La sua Ville Spatiale è una città che si forma come una sorta di nuovo firmamento, un cielo che ogni cittadino abita e disegna secondo le proprie esigenze. Il suo è un invito poetico a colonizzare il cielo, e come il cielo la sua città cambia e si trasforma continuamente, introducendoci verso una architettura non necessaria che si dissolve nell’aria, ed in essa e con essa si confonde.

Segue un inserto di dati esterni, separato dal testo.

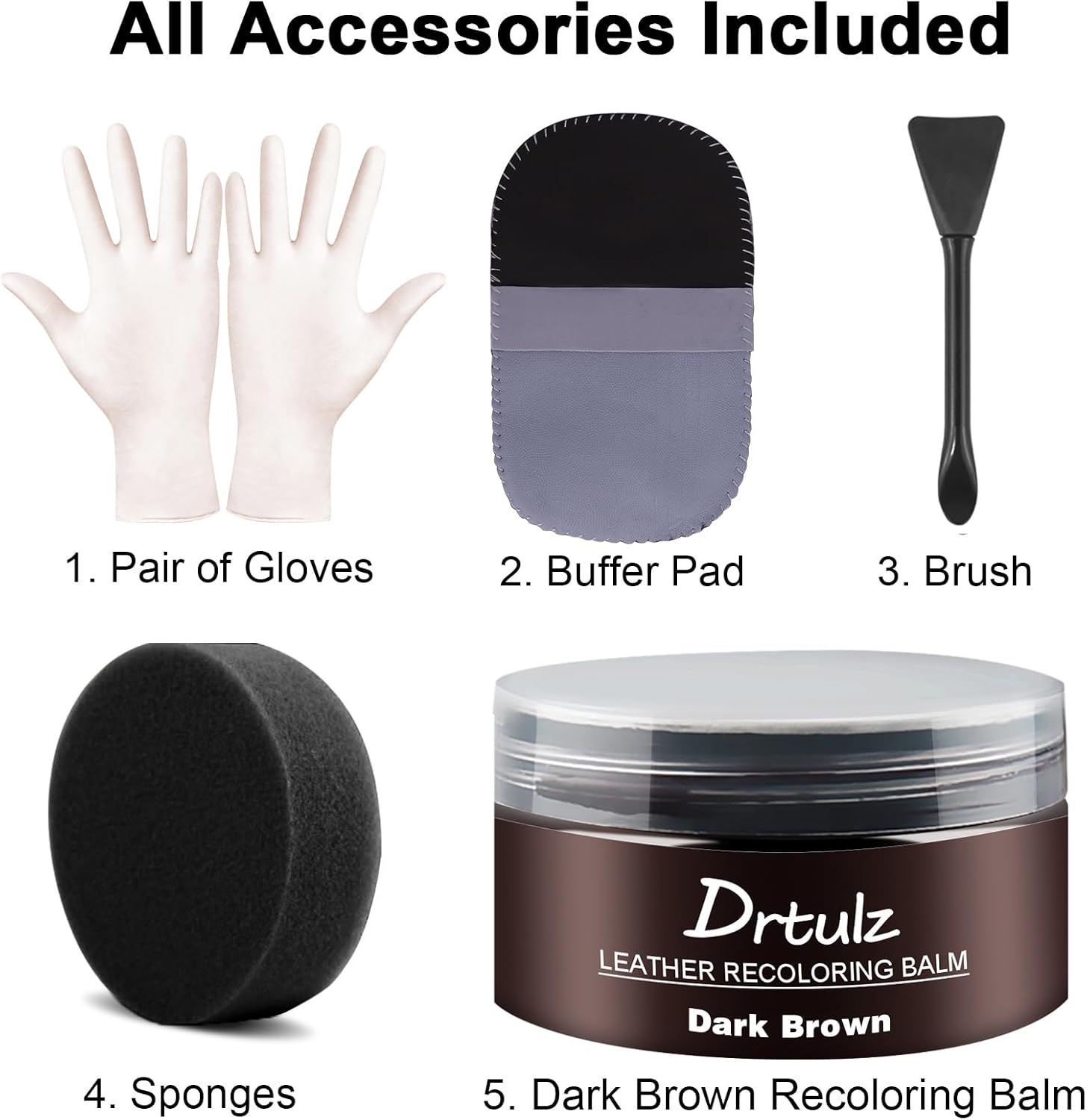 - [ Leather Repair Kit For Furniture ] Dark brown leather polish contains natural oils that can penetrate the pores of your leather to make your leather couches look shiny and new. Just apply it to leather, then apply and allow to air-dry for 10-20 minutes or use a hairdryer to speed up drying in just 1-2 minutes

Immagine: © ADAGP-Yona Friedman.

La città e l’architettura, per lui, non sono più pensate come oggetti immutabili del tempo, ma come processi temporanei che si adattano continuamente alla realtà immanente, dispositivi mobili per una società mobile.
Quello che introduce Friedman è una nuova forma di relazione tra materico e immaterico, legata alla politica dello sharing e della condivisione democratica dello spazio. Senza dubbi il suo è un pensiero e un atteggiamento verso la realtà e l’architettura prettamente gassoso, che dà vita per l’appunto ad un universo spaziale dinamico, capace di modificare lo spazio in ogni situazione possibile, che ritroviamo anche all’interno della teoria dell’Architettura Gassosa(3).
L’eredità che Friedman ci lascia è enorme, dandoci la possibilità di indagare il futuro sotto prospettive sempre nuove e innovative. Il maestro ci ha lasciato, ma rimarrà per sempre una guida per tutti noi architetti e artisti contemporanei, per costruire insieme a lui e grazie a lui, un mondo migliore.

Note
1. Aldo Van Eyck, in Alison Smithson, a cura di, Team 10 Primer 1953-62, in “Architectural Design”, dicembre 1962, p. 564.
2.
Yona Friedman, L’architettura mobile, Verso una città concepita dai suoi abitanti, ed. Paoline, 1972, pp. 138-39.
3. E
mmanuele Lo Giudice, Architettura gassosa, per un nuovo realismo critico, ed. 2018.